I done repairing my old Fantom 88s AT with a replacement felt strip. (not G, but I suppose that could be similar than S and X)
I very badly need a version of this video that covers the Montage M8x versus the Fantom 8 EX. THEN I'll know which one I can get. Until then, no other video on RUclips even remotely cares to cover the things you cover in this video. I will say, however, that I really need to know more in depth about the sampler and sequencers of these two machines, which happen to be the two aspects that you indicted you don't use natively on these boards. I would like to see how these boards stack up when a person has no other access to any other equipment, including a computer with software like DAWs and VSTs.
It’s worth bearing in mind that Montage has no sampler of any kind on board, so if you must have hardware sampling, Fantom is the only option. That said, I have both a Fantom 8 EX and a Montage M8x here, and IMO the Montage M is a far superior machine.
I think it's unfortunate that you relied on the original Montage, since the Montage M has the ANX virtual synth engine, and significantly improved ROM and other functions (such as Smart Morph for ANX), not to mention a modified panel with an additional screen.
There’s no doubt that the Montage M is superior to the classic Montage in most ways (although not all), but this video was supposed to be more of a comparison of concepts - the Montage as a unified single instrument against the Fantom as a collection of disparate components that happen to live in the same housing. As such, I think it conveys the most important differences - and I do call out the Montage M differences where appropriate.
I have both and for me the Montage is lot better. Few sounds in the Fantom are better but I can easily live with the Montage ones too. If you want to have the best sounds of the synths from decades past (barring some FM ones) and do sound design, Fantom is the one you want. Having had mine since week one, as far as features go, Fantom is an unfinished in my opinion; the sequencer is a complete joke.
Fantom's sequencer would be a good idea, but an unfinished idea, I agree.
In general, Fantom editing stuck in JD menu-paging era, just there are more than 2 lines on the screen.
you forget there are cubase and studio one DAW modes as well
Are you referring to Montage or Fantom?
@@KierDarby The Fantom. Sorry i didnt specify. Also you can use them under normal mackie controls for any DAW and it will work and let you assign the knobs and sliders while also working with the transport controls.
@xenobiigaming is that new with EX? I only see Logic / MainStage and Live on my Fantom
@@KierDarby yes, the EX Upgrade, or the EX versions of the Fantom have this as a new feature for the new OS. there are a few extra highlights and features which include:
Exclusive JUPITER-8, SH-101, and JX-3P ACB Expansions
German Concert V-Piano Expansion 01, previously only available for the RD-2000 stage piano
Newly developed SuperNATURAL Acoustic Piano 3 Expansion
JD-800 Model Expansion
n/zyme Model Expansion
New studio-grade Shimmer Reverb and Modulation Reverb
New V-Piano GUI
Added DAW control profiles for Cubase and Studio One
Mastering EQ and Mastering Comp template functions and new graphical interfaces
Montage M is already out. Roland sound like 30 years a go. Yamaha is the boss.
Mx is much better than the old version
korg kronos 😂
Wow, something makes less sense than Yamaha?!
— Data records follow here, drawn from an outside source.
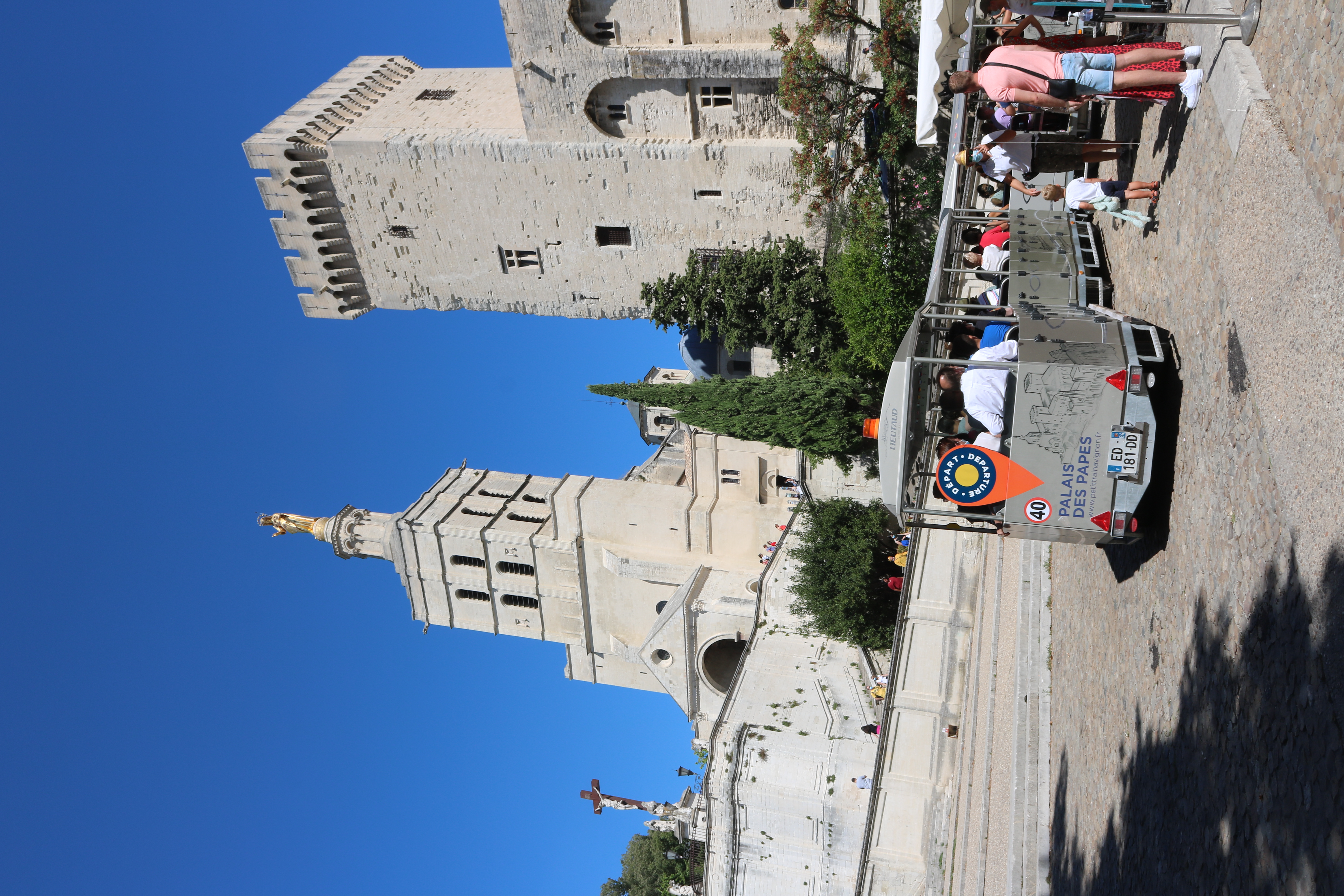 Semée de clochers surgissant au milieu des toits rosés, elle est entourée de remparts et dominée par le rocher des Doms sur lequel s'étirent majestueusement la cathédrale et le Palais des Papes.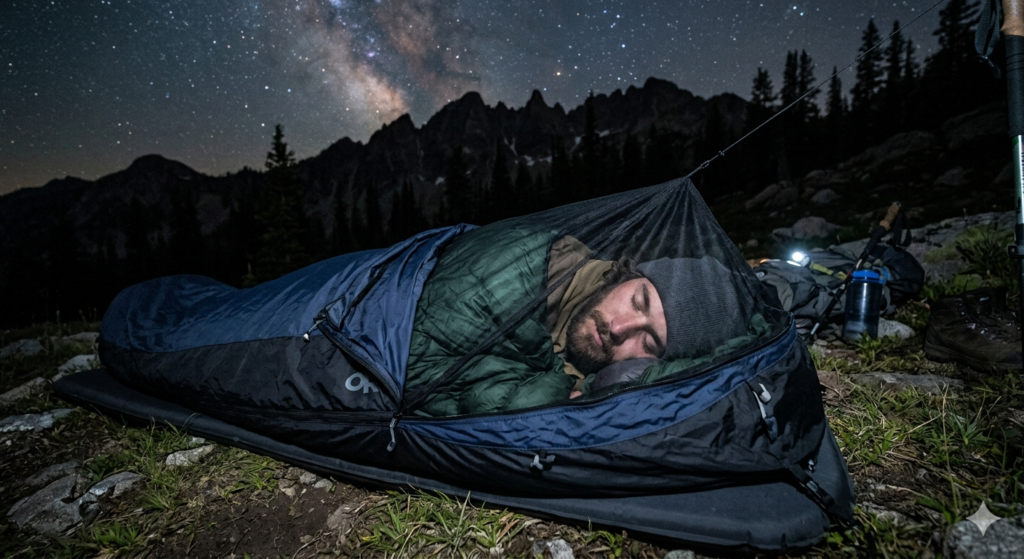 - Bivy Sack Camping (The Hybrid Approach): If the idea of insects crawling on you is too much, many hikers use an ultralight bivy sack. This is a highly breathable, water-resistant sleeve that goes over your sleeping bag. It features a mesh face panel to keep mosquitoes out while still providing the open-air experience.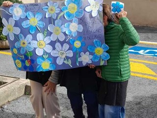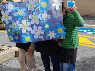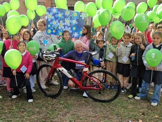 I bambini della scuola hanno accolto il gruppo sportivo con disegni e cartelloni realizzati insieme agli insegnanti, per manifestare la propria solidarietà verso un’iniziativa tanto importante: “tutti in sella per la ricerca!”.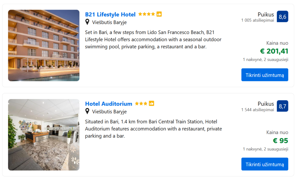 Sprendžiant klausimą kur apsistoti Baryje, rekomenduojamos kelios strategijos:
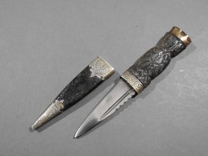 Hallmarked Birmingham 1935 marker J C and S with the initials ED overall length 17cm and with a 8cm blade – Thistle and Celtic knot design to all fittings, weave design to grip, pommel set with a stone, scabbard is leather covered all mounts hallmarked.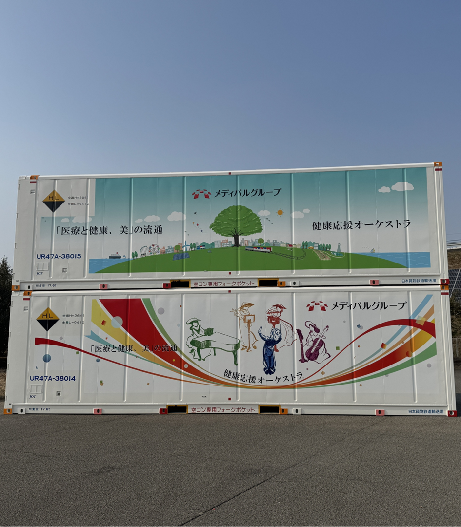 医薬品卸のメディセオは2025年4月より、埼玉~札幌間の幹線輸送で日本石油輸送の31ftスーパーURコンテナの運用を開始した。長距離区間をトラック・フェリー輸送から鉄道にシフトし、環境負荷軽減と2024年問題への対応を図る。従来首都圏~東北・関西で12ftタイプを利用しているが31ftは初めて。グループのスローガンなどをデザインした新コンテナは、保温・保冷性に優れ医薬品輸送に適するほか、荷物を奥まで積み込むジョロダーレールを装備し、作業効率も向上。週最大2往復運行で年間約310tの CO₂排出量削減を見込む。関西向けや異業種との共同輸送での同コンテナの活用も視野に入れている。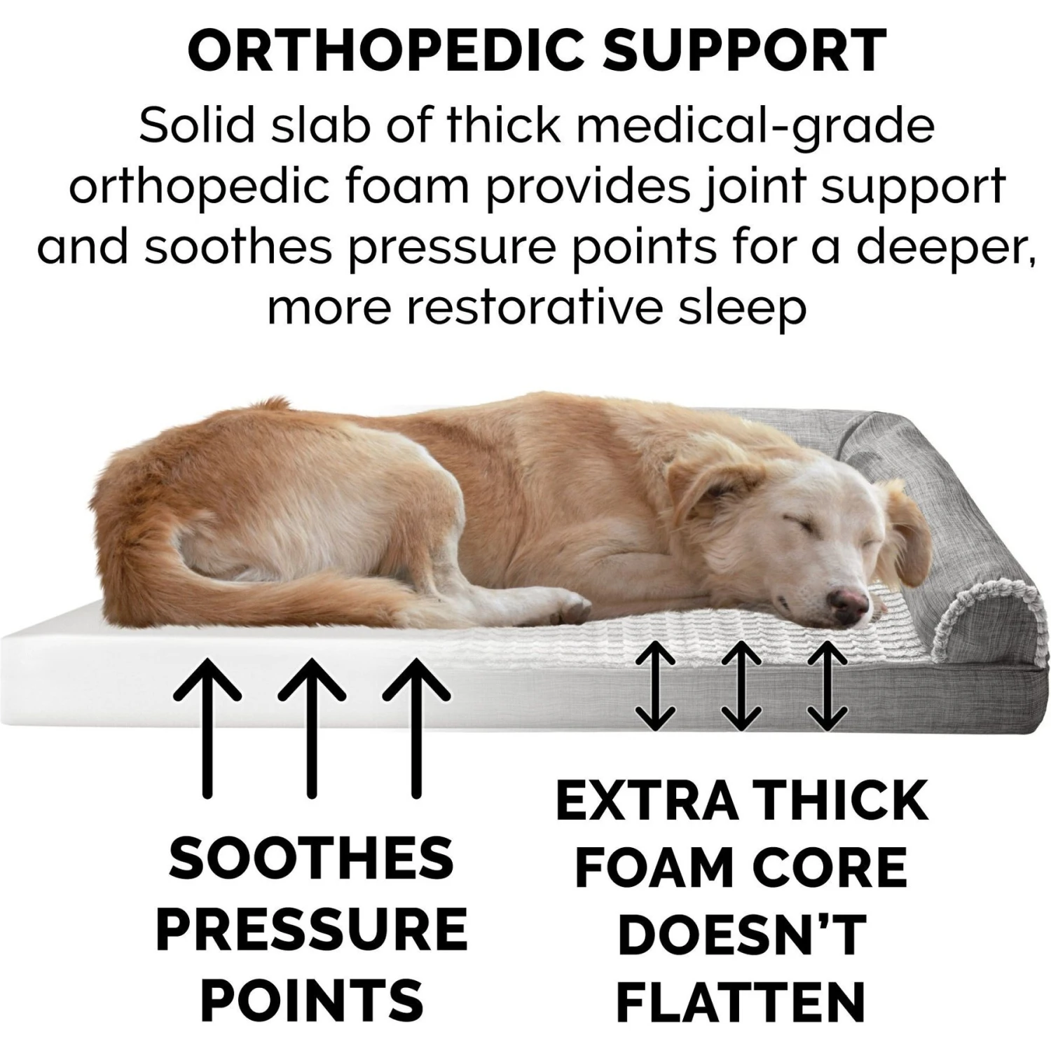 Paw-fect for cats and dogs of all ages, the FurHaven Luxe Fur & Performance Linen Full Support Sofa Pet Bed is a short-sided pet sofa that’s sure to become your pet’s favorite snuggle spot. Soft sided walls provide bolstered support on both edges and the back of the bed, allowing your pet to relax into comfort with their back, hips and head supported. The solid orthopedic foam base supports your furbaby’s joints and pressure points, making this bed ideal for arthritic pets who have trouble getting comfortable. Plus, the full-support, solid slab orthopedic foam provides even more support and comfort. Give your furry companion the luxury they deserve with this orthopedic dog bed. Each bolster is filled with 100% recycled fluffy fill. The sofa’s gusset and bolsters are covered in easy-care fabrics with the look and feel of linen plus a plush faux fur sleep surface that’s oh-so-soft on noses and paws. Best of all, the cover is easily removed and machine washable for your convenience!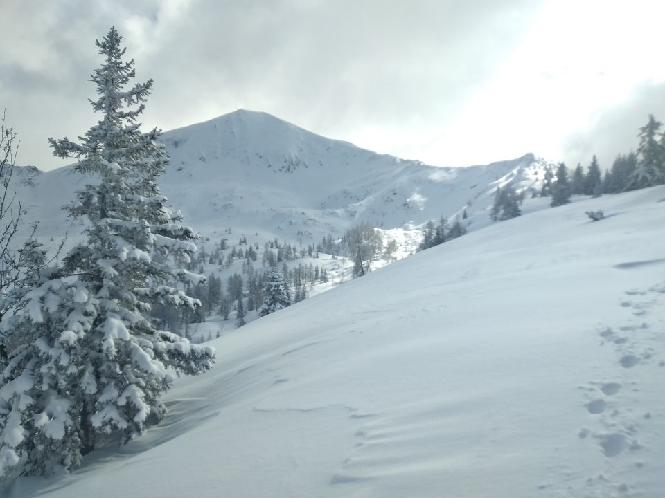 Unten wenig Neuschnee meist ohne Unterlage. Ab ca 1200 mit Unterlage. In den Ost und Nordhängen viel verfrachteter Pulver. Kammlagen gegen Gipfel abgeblasen mit etwas Neuschnee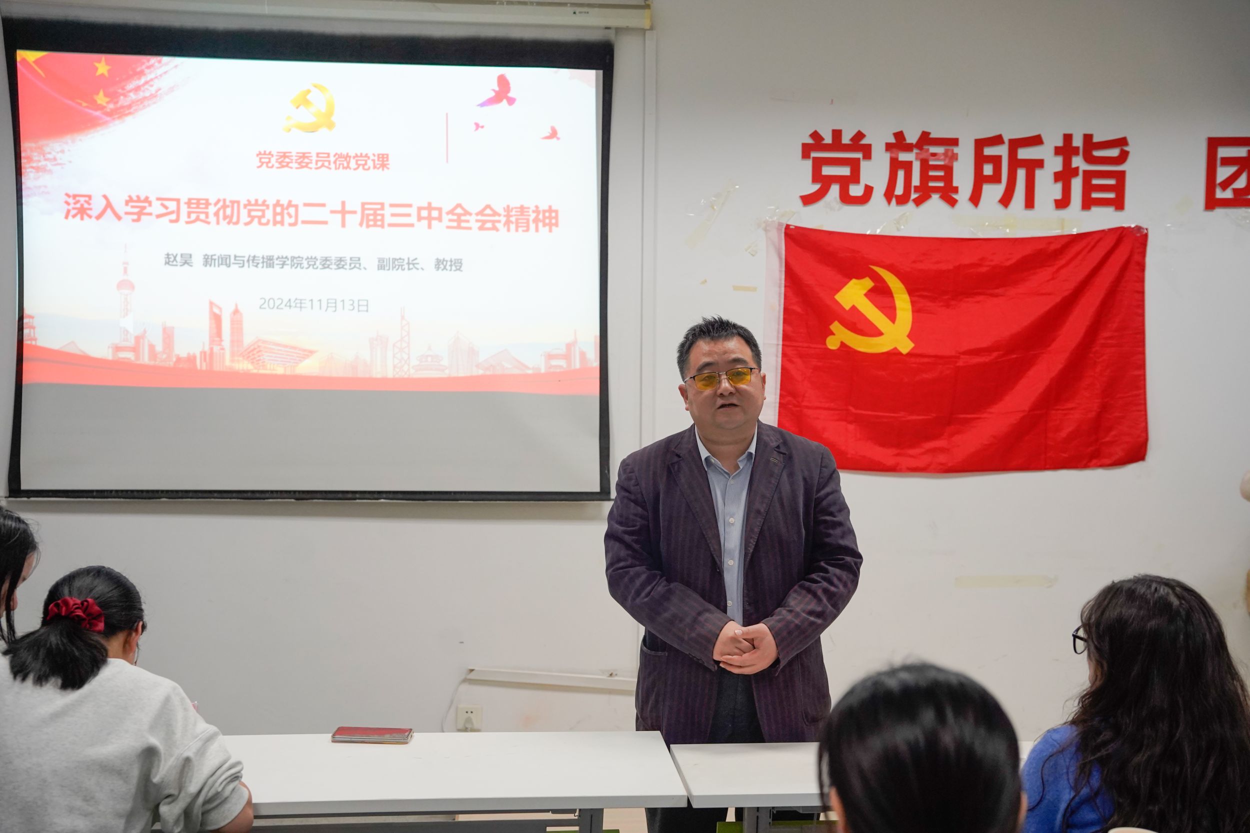 赵昊教授的微党课带领党员们全面了解和学习了二十届三中全会关于教育、科技、人才、创新领域的改革内容。全会提出,教育、科技、人才是中国式现代化的基础性、战略性支撑。赵昊给党员们解析了《中共中央关于进一步全面深化改革、推进中国式现代化的决定》中关于深化教育科技人才体制机制一体改革重要部署的三项主要内容:一是深化教育综合改革;二是深化科技体制改革;三是深化人才发展体制机制改革。赵昊指出了教育改革的重要性,深刻解析了科教兴国战略、人才强国战略的内涵,表示教育改革就发生在我们身边,要求党员们立德树人,以身作则,注重德智体美劳全面发展,为中国教育事业贡献自身的力量。

FWIW it took me a long, LONG time, but the Yamaha system makes perfect sense to me now. And I guess, so does Fantom... I just don't think it's as well integrated.
Roland essentially releasing products to abandon them as soon as the new one hits the shelves should be the first indication as to which product is better.
Is the aftertouch on the Fantom 6 or 7 so hard to activate as the 8?
Interestingly I’ve a venerable Fantom G8, and its aftertouch is also a high pressure experience and a disappointment.